The standard surgical approaches are the transverse supraclavicular incision for proximal lesions and the deltopectoral approach for infraclavicular lesions (Box 12.26.6).

In the supraclavicular approach flaps of skin and platysma are raised, then after division of the omohyoid between stay sutures, whilst avoiding damage to the cervical plexus and vessels and the phrenic nerve, the brachial plexus is delineated posterior and lateral to the scalenus anterior muscle.

In the infraclavicular approach the deltoid and the pectoralis major are separated, the pectoralis minor is detached from the coracoid and reflected, and the plexus is then seen wrapped around the subclavian arteries.

Once the plexus has been displayed the lesions may be obvious. With increasing time from injury, however, this is less so and may be complicated by the degree of recovery that is shown. Diagnosis may be enhanced by intraoperative electrical testing both stimulating orthodromic across the lesion and antidromic recording from cervical or scalp electrodes. For neuromas and lesions in continuity, when there is a partial response to electrical stimulation across the lesion, the decision to resect and graft, or to leave is very difficult.

The following specific surgical treatments are available:

Direct suture is rarely used and is only a possible option in early treatment of clean sharp injuries of the plexus. Even in such injuries, grafting is usually recommended. In clean injuries suitable for either direct suture or small grafts, the best results are achieved.

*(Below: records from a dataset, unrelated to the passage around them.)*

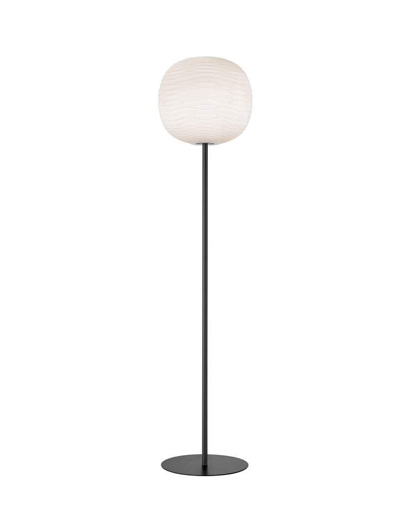 Eine elegante Lichtkugel auf einem langem Stab, wie eine fließende Vibration auf Glas - das ist die 187cm hohe Foscarini Gem Stehleuchte entworfen von Ludovica + Roberto Palomba. Sie ist die logische Erweiterung der erfolgreichen Gem Serie des italienischen Herstellers, dessen Produktpalette nun auch um verschiedene Finishes erweitert wurde. Eine leuchtende Kugel, die auf dem Metallfuß aus satiniertem Metall mit verschiedenen Finishes ruht, gar im Raum zu schweben scheint.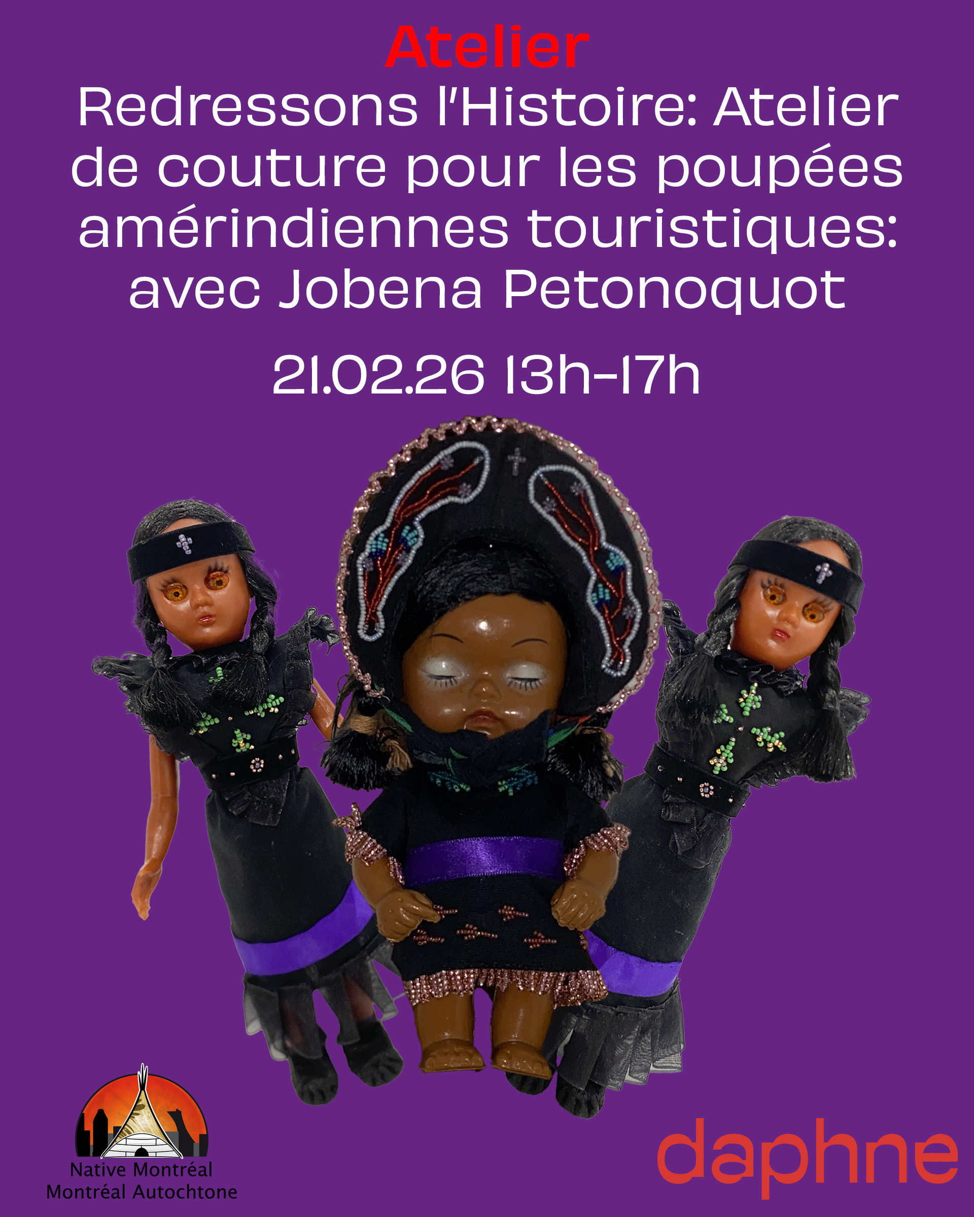 Redressons l’Histoire: Atelier de couture pour les poupées amérindiennes touristiques: daphne x Native Montreal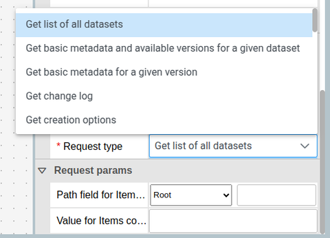 | Request type         | The name of the specific request to execute (varies per integration).                                                                                                                                                         | getDatasets       |

The technique is as for standard nerve grafting (see earlier). The nerves used are typically one or more of the medial cutaneous nerve of the forearm, medial cutaneous nerve of the arm, and the sural nerve. It is essential that these are put in without tension. They are typically secured with fibrin glue and sutures. Postoperatively the arm is immobilized in a sling full time for 6 weeks to protect the repairs. Thereafter, physiotherapy is begun.

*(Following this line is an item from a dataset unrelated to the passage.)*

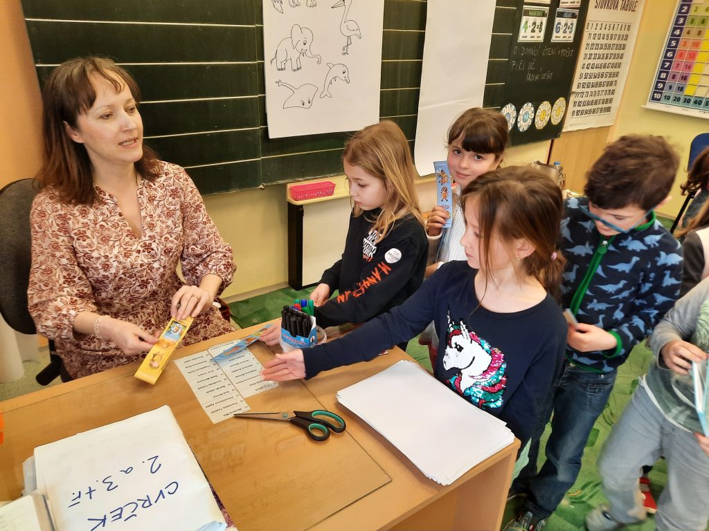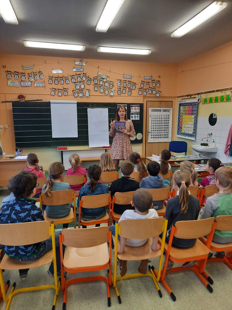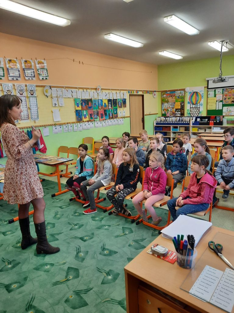 Dne 24. března jsme oslavili „MĚSÍC KNIHY“ besedou s paní ilustrátorkou Veronikou Balcarovou. Děti se dozvěděly, jak se rodí knížka a kdo se na jejím vzniku podílí. Paní Balcarová děti seznámila se svou tvorbou. Kromě knih přispívá svými kouzelnými obrázky také do různých časopisů, vytváří pexesa, vystřihovánky aj. Beseda proběhla ve velmi příjemné atmosféře, děti pozorně naslouchaly. Ti nejšikovnější si domů odnesli malou pozornost. Besedu ukončila malá autogramiáda. Uvidíme, kolik dětí paní Balcarová inspirovala k povolání ilustrátora.

Vascular grafts were first used in 1976 to provide a well-vascularized tube for nerve regeneration. It was hoped that this would overcome the problem of ischaemic scarred nerve beds. The reported results show that vascular grafts are only equivocally better than conventional grafting. The surgery is more complex and, therefore rarely used except in very scarring recipient sites.

These were first performed in the 1950s and are now well established. The most common are the accessory to suprascapular nerve transfers and transfers of intercostal nerves to median or musculocutaneous nerves. Their role is twofold. One is to provide further motor input to nerves distally to improve function. The accessory to suprascapular transfer can result in significant improved shoulder control and intercostal nerve transfer to the lateral cord can give grade III and even grade IV elbow flexion. They do require some relearning, but most patients manage this. The other role is to increase the sensory input to the distal nerves which can have a dramatic benefit in relief of pain especially with preganglionic injuries.

The results of nerve surgery are very variable and depend upon many factors, as with all peripheral nerve repair work (see Chapter 12.25). In essence, the recovery of the proximal muscles is best because there is the shortest distance from the nerve to recover and these muscles have a mass action so that fine innervation is not as important as in the finer actions of the small muscles of the hand. Furthermore, with nerve recovery to distal muscles there is often significant end-organ failure prior to the nerve reaching the muscle. Sensory recovery in the hand is at best protective.

The reported results are mainly with conventional nerve grafting and nerve transfers.

Of particular importance for the recovery after brachial plexus injury is the delay from treatment. Delays over 3 months are especially detrimental and after 6 months the chances of worthwhile regeneration are minimal. Repair of C5 and C6 by conventional nerve grafting gives functional flexion of the elbow and some control of the shoulder in 60% of cases.

Useful functional gain is achieved with the shoulder and elbow with significant relief of pain in over 60% of patients operated on within 3 months. Nerve transfers are particularly successful for preganglionic injuries of C5 and C6 and sometimes C7. They are much less effective for preganglionic injuries of C8 and T1.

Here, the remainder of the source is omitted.